Timmy Brister writes:
For the past several weeks, I’ve been reflecting on living a hurried life. I become convicted of patterns and pursuits counterproductive to the mission to make disciples. The rhythm of society these days seems to be so out of step with the cadence Jesus set out for his disciples. Here is the Savior of the world, the Author of time, never in a hurry in accomplishing the most life-changing, history-shaping mission the world has ever known.
Someone in a hurry makes an idol out of time. They allow the present to be dictated by the future. Lusting after not-yet moments, we deprive ourselves from the already present moments when we are called to love. Skillful living is making most of the time through a redemptive lifestyle, and ironically, making the most of time does not come by hurrying up but by slowing down.
One of the great hindrances to life on mission is being in a hurry. Have you noticed how impossible it is for a hurried person to love someone? They may be physically present, but they are mentally distant. They may give you lip service, but their hearts are far from you. Don’t get me wrong. There are good intentions with being in a hurry. I want to get things done. I love being productive. But when the product takes precedence over people, then my usefulness ironically makes me unproductive for the mission. Even worse, I begin to treat people like product rather than objects of my affection–to listen, to learn, to love. All those things that takes time–things that the absence of margin and presence of hurry rob us from experiencing as we controlled by a rhythm of life that takes the life out of us.

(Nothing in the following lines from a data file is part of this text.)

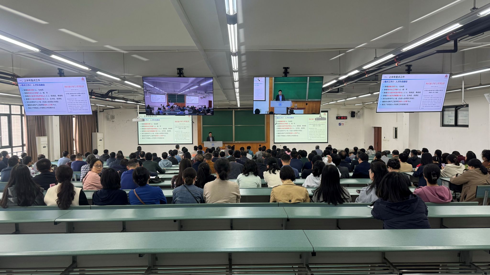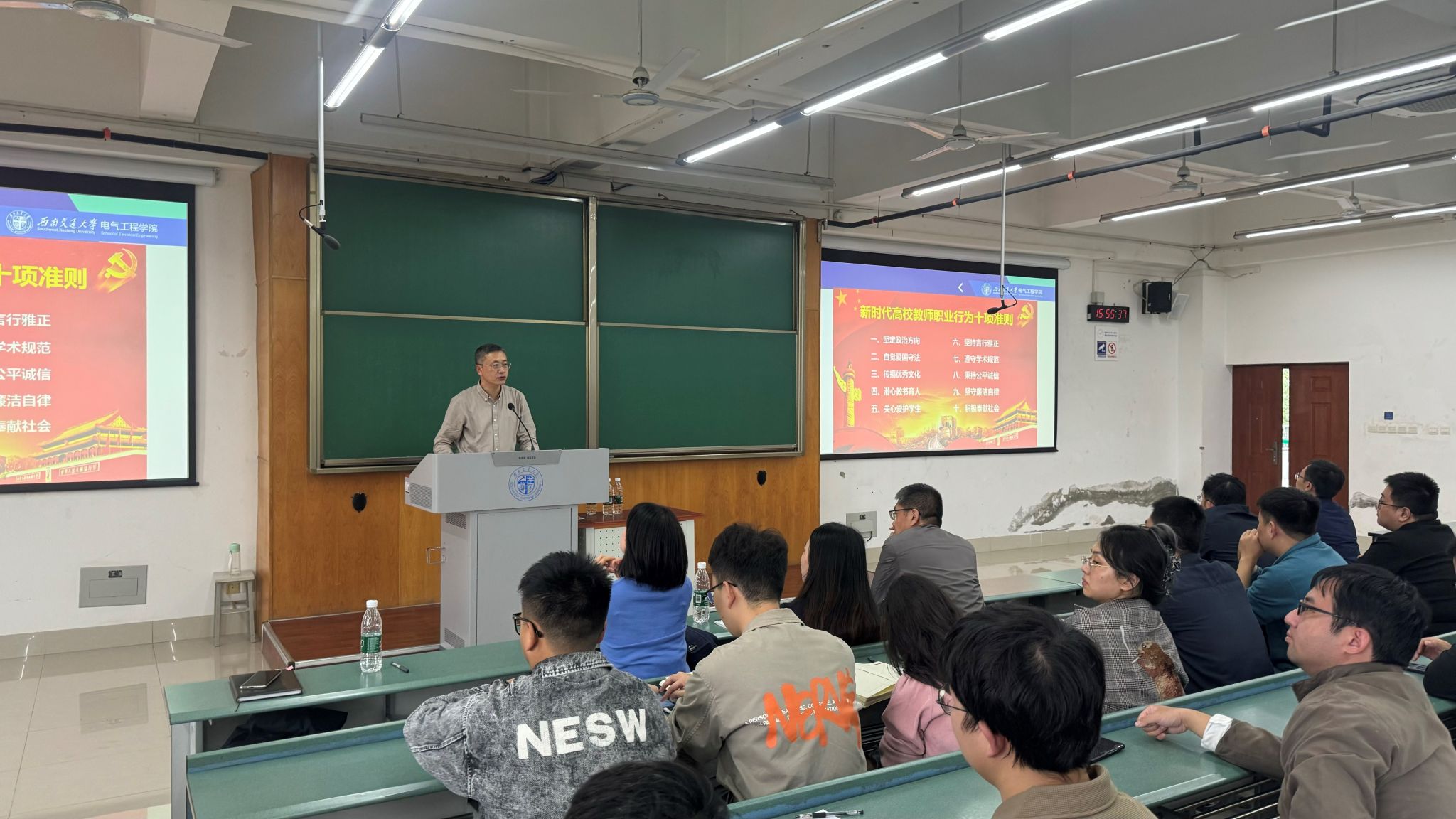 王斌向教职工专题宣讲了全国教育大会精神、《新时代高校教师职业行为十项准则》、教师师德失范行为负面清单、意识形态工作、保密工作及安全稳定工作内容。王斌强调,全院师生要深刻学习领会全国教育大会精神和习近平总书记对教育的重要论述,各位教职工要严格遵守高校教师职业行为十项准则,大力弘扬教育家精神,严格要求自己,恪尽职守、教书育人,把立德树人的根本任务扛在肩上、落在实处。
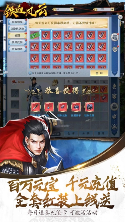 登录、签到、抽奖、擒王、充值超多活动丰厚奖励,助你早日称霸天下;
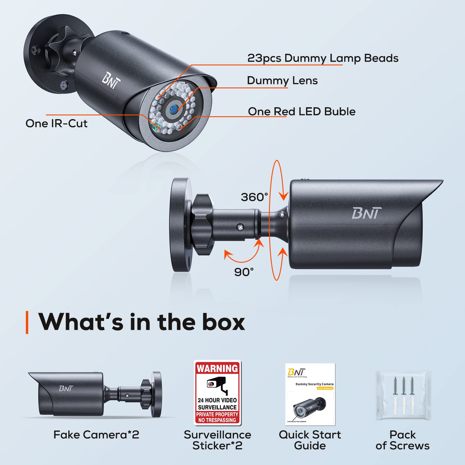HOW TO WORK: With the same appearance to real cameras, people will think it's a real camera, even in the close distance during the day; With the built-in photoelectric sensor, the red LED light only illuminated at night, very eye-catching. They will 7x24 protects your safety.
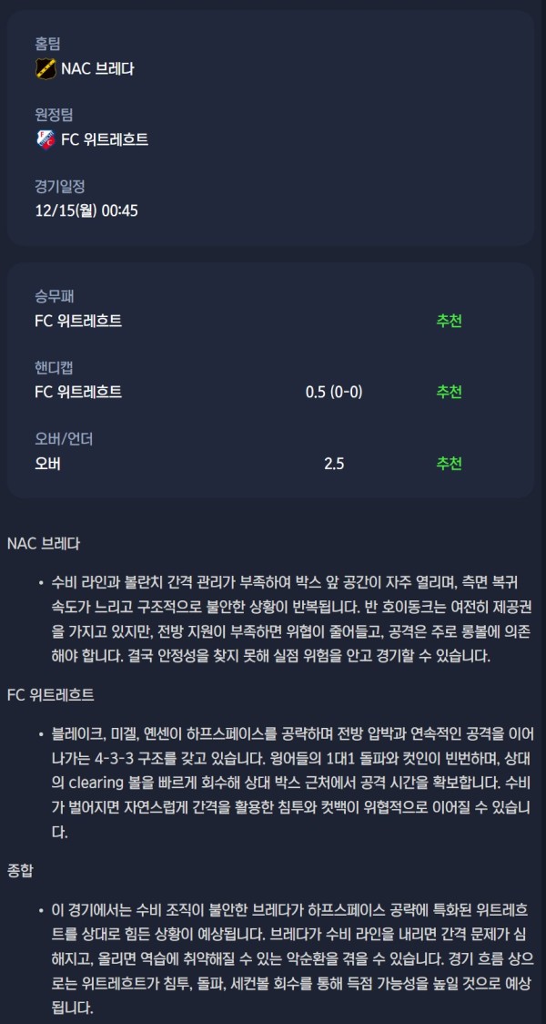 2025년 12월 15일 에레디비시 분석자료 / 축구분석
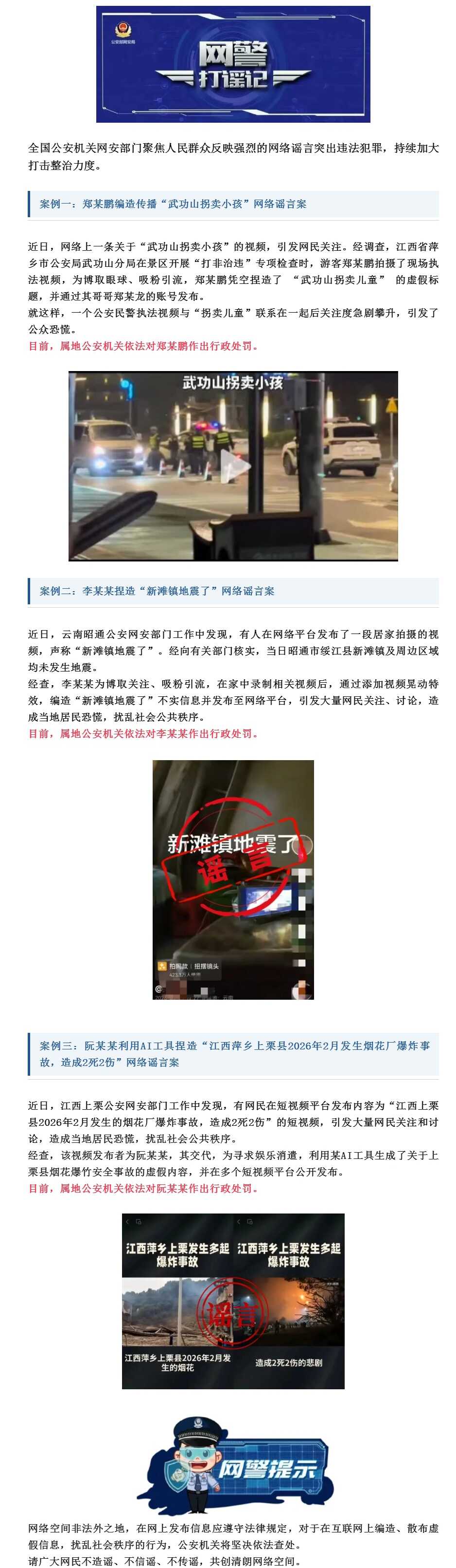網(wǎng)警打謠記_公安部網(wǎng)安局公布3起網(wǎng)絡謠言典型案例
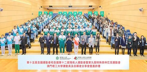 【特訊】為喜迎澳門理工大學45周年校慶,並慶祝第十五屆全國運動會及全國第十二屆殘疾人運動會暨第九屆特殊奧林匹克運動會成功舉行,澳理大日前舉辦全運會運動員及志願者分享會暨嘉許禮,以“傳承全運精神,點燃運動激情”為主題,凝聚澳理大師生、運動員和志願者,分享參與十五運會及殘特奧會的經驗和喜悅,同時感謝一眾師生教練員、運動員及志願者的積極拼搏、熱誠奉獻,氣氛喜悅動人。
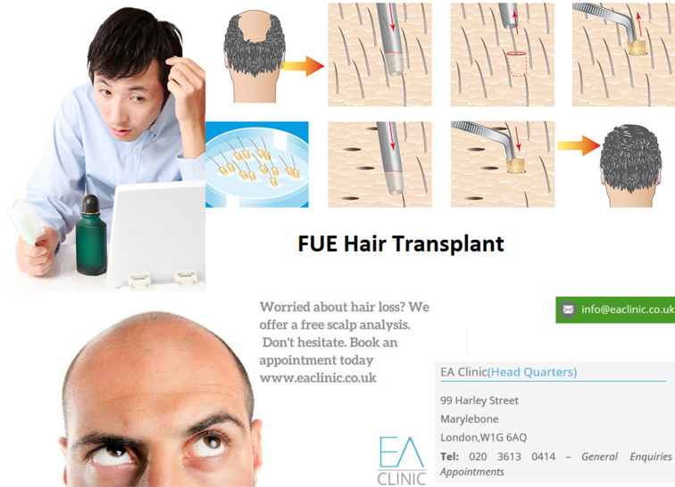 Are you suffering from baldness? Do you want to reverse it? Try FUE Hair Transplant treatment to get back your smart look. EA Clinic provides FUE Hair Transplants in the supervision of Dr. Edwin Anthony, highly experienced FUE specialist in London. Visit http://www.eaclinic.co.uk/fue-hair-transplants/ or get a free appointment at 020 3778 0257. |
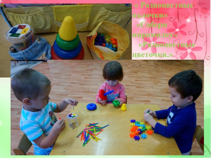 Слайд 8 « Разноцветные палочки» «Собери пирамидку» «Разноцветные цветочки.»
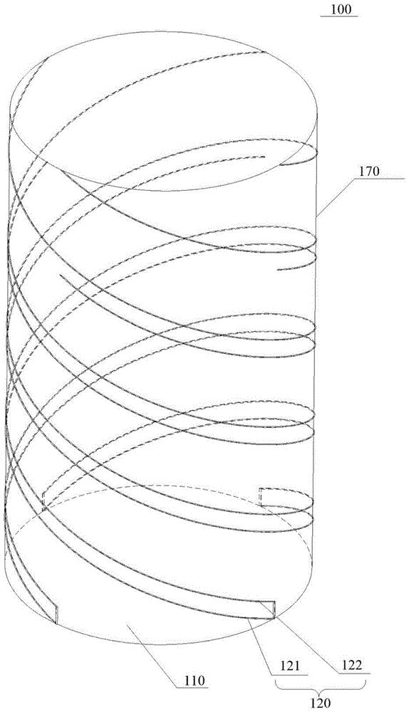本实用新型公开了一种螺旋天线,包括印制电路板以及设置在印制电路板上方的辐射主体,辐射主体包括至少一个主螺旋臂和至少一个寄生螺旋臂,每个主螺旋臂对应至少一个寄生螺旋臂,且每个主螺旋臂与其所对应的寄生螺旋臂呈平行间隔设置;其中,每个主螺旋臂的第一端与其所对应的寄生螺旋臂的第一端电连接在一起,以形成螺旋天线的馈电输出端;主螺旋臂的第二端以及寄生螺旋臂的第二端均浮接;寄生螺旋臂的长度大于与其所对应的主螺旋臂的长度,且寄生螺旋臂超出主螺旋臂的部分的螺旋升角小于寄生螺旋臂未超出主螺旋臂的部分的螺旋升角。本实用新型的螺旋天线,其频率带宽可以扩大到6%,并且,螺旋天线的结构更加紧凑。
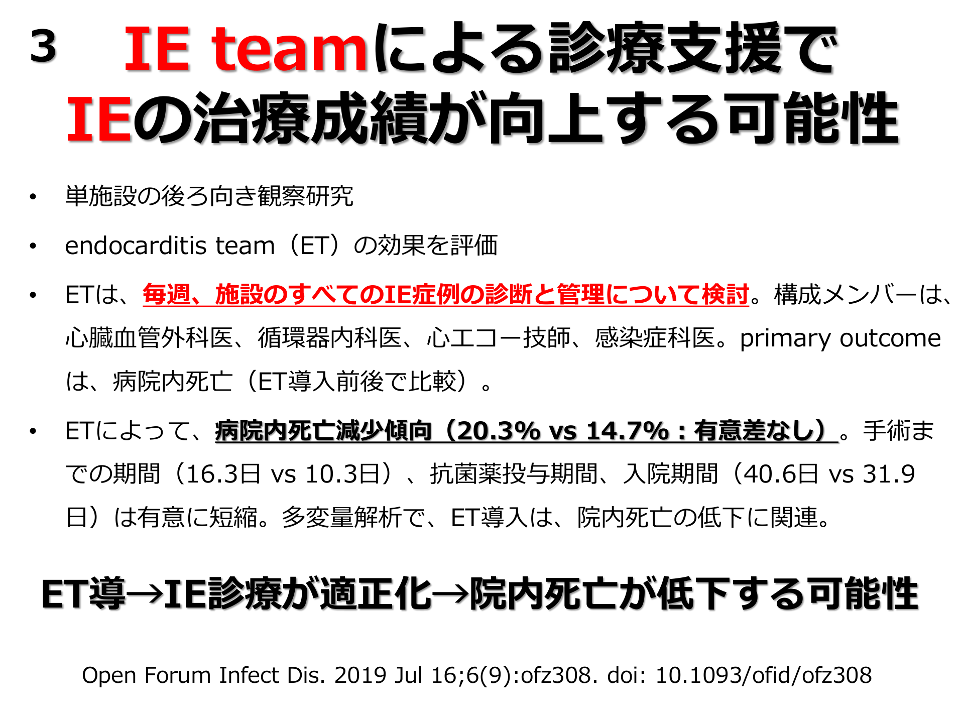 #6. 3 IE teamによる診療支援で IEの治療成績が向上する可能性 • 単施設の後ろ向き観察研究 • endocarditis team(ET)の効果を評価 • ETは、毎週、施設のすべてのIE症例の診断と管理について検討。構成メンバーは、 心臓血管外科医、循環器内科医、心エコー技師、感染症科医。primary outcome は、病院内死亡(ET導入前後で比較)。 • ETによって、病院内死亡減少傾向(20.3% vs 14.7%:有意差なし)。手術ま での期間(16.3日 vs 10.3日)、抗菌薬投与期間、入院期間(40.6日 vs 31.9 日)は有意に短縮。多変量解析で、ET導入は、院内死亡の低下に関連。 ET導→IE診療が適正化→院内死亡が低下する可能性 Open Forum Infect Dis. 2019 Jul 16;6(9):ofz308. doi: 10.1093/ofid/ofz308

Disciples of Jesus cannot be controlled by time or enamored by the future. Idolizing time breeds unbelief in Jesus, who is the Alpha and Omega, the beginning and the end. When we are set free to slow down, we can calibrate our lives according to the cadence of the kingdom. One of the simplest ways of being out of step with the world is not living to keep up with it. I am not advocating a life of laziness but rather a pursuit of presence. It’s a perseverance in abiding, not a fleeing for fleeting moments.
Truly, Jesus’ yoke is easy inasmuch as Jesus is not in a hurry. My yoke is hard because the burdens I create are heavy. I’m learning the joyful consequences of preferring Jesus’ yoke over mine. And when His joy is mine, I find that His glory shines in the very places and among the faces of people I’m privileged to love and give my life away. So Lord, let me live on mission so that when the Spirit calls me to make much of Jesus, I can genuinely respond with “present.”